Your task:
Once the pictures are set aside, reproduce the remaining data exactly.

----- Provided entries

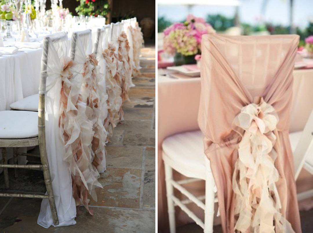 7. Add a spring look to your chairs with soft colors and wispy fabric.
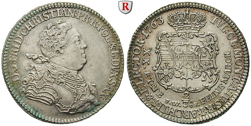 Friedrich Christian 1763. 2/3 Taler 1763 Dresden, FWoF. Merseb. 1889; sehr schön - vorzüglich
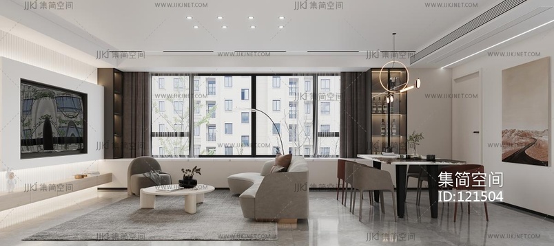 现代客餐厅,餐桌椅沙发 3d模型下载 [模型ID:121504]
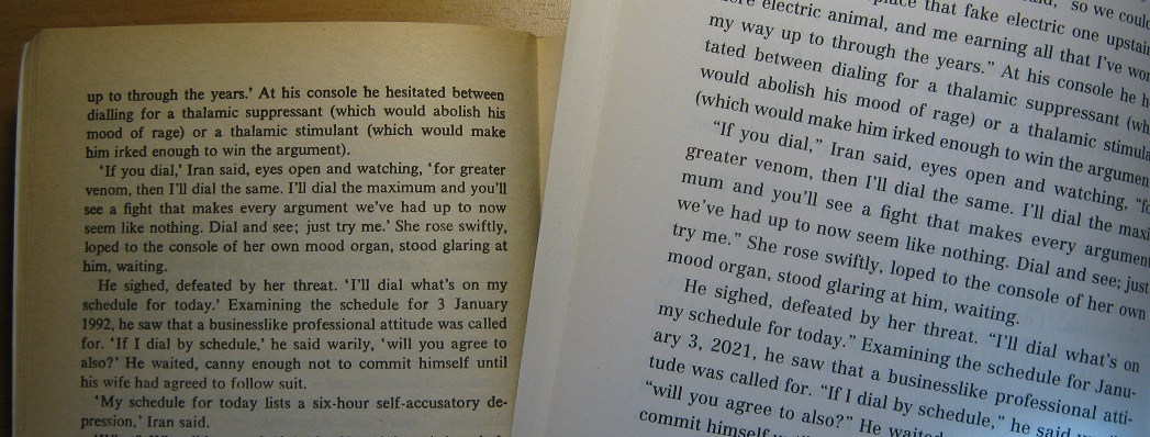 (*) Si possono confrontare, per esempio, due edizioni, entrambe del 1996, quella di Harper Collins (sul frontespizio: Do androids dream of electric sheep? filmed as Blade runner), che ha l'anno 1992 (p.8), e quella di Del Rey, che ha invece l'anno 2021 (p.4) (v. immagine qui sotto).
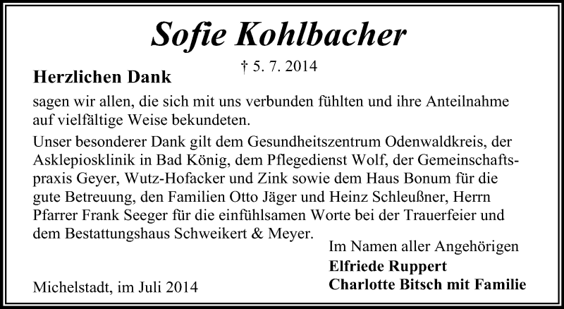 Hier finden Sie alle Traueranzeigen aus der Zeitung, die bisher für Sofie Kohlbacher erschienen sind. Weitere Traueranzeigen, die in der Zeitung erscheinen, werden hier ebenfalls aufgelistet
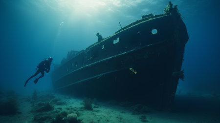 A diver hovering over a shipwreck, with the rusted remains creating an eerie yet fascinating backdrop.
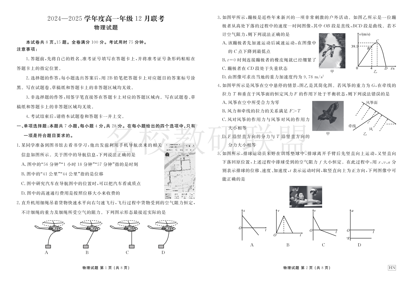 衡水金卷·2024-2025学年度高一年级12月联考 物理.pdf
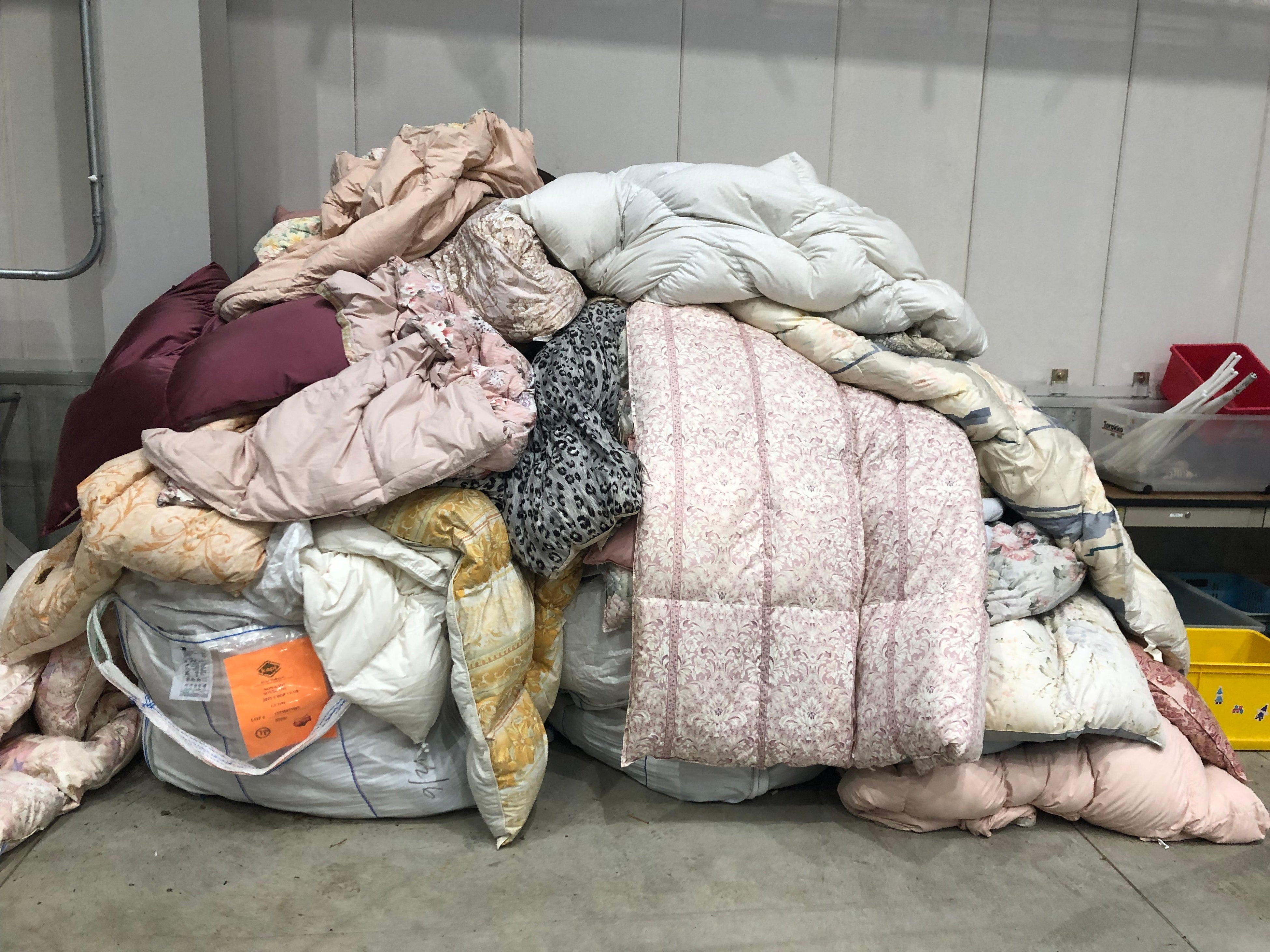 現在、羽毛製品は日本国内において非常に広く普及しました。しかしながら、どのような製品にも、耐久年数=寿命があり、永久に使い続けることは現実的ではありません。一般的には羽毛布団の寿命は10~15年と言われており、寿命が尽きた羽毛布団の多くは粗大ゴミとして家庭から排出され、自治体によって回収され、廃棄物として処理されています。粗大ゴミとして回収された羽毛布団の多くが焼却処分されています。下の画像は、七尾市内のゴミ焼却施設で撮らせて頂いた廃棄される羽毛ふとんの様子。人口減少により廃棄される羽毛ふとんは年々増加しているそうです。

----------

Answer to the exercise:
 7. Add a spring look to your chairs with soft colors and wispy fabric.
 Friedrich Christian 1763. 2/3 Taler 1763 Dresden, FWoF. Merseb. 1889; sehr schön - vorzüglich
 现代客餐厅,餐桌椅沙发 3d模型下载 [模型ID:121504]
 (*) Si possono confrontare, per esempio, due edizioni, entrambe del 1996, quella di Harper Collins (sul frontespizio: Do androids dream of electric sheep? filmed as Blade runner), che ha l'anno 1992 (p.8), e quella di Del Rey, che ha invece l'anno 2021 (p.4) (v. immagine qui sotto).
 Hier finden Sie alle Traueranzeigen aus der Zeitung, die bisher für Sofie Kohlbacher erschienen sind. Weitere Traueranzeigen, die in der Zeitung erscheinen, werden hier ebenfalls aufgelistet
 A diver hovering over a shipwreck, with the rusted remains creating an eerie yet fascinating backdrop.
 衡水金卷·2024-2025学年度高一年级12月联考 物理.pdf
 現在、羽毛製品は日本国内において非常に広く普及しました。しかしながら、どのような製品にも、耐久年数=寿命があり、永久に使い続けることは現実的ではありません。一般的には羽毛布団の寿命は10~15年と言われており、寿命が尽きた羽毛布団の多くは粗大ゴミとして家庭から排出され、自治体によって回収され、廃棄物として処理されています。粗大ゴミとして回収された羽毛布団の多くが焼却処分されています。下の画像は、七尾市内のゴミ焼却施設で撮らせて頂いた廃棄される羽毛ふとんの様子。人口減少により廃棄される羽毛ふとんは年々増加しているそうです。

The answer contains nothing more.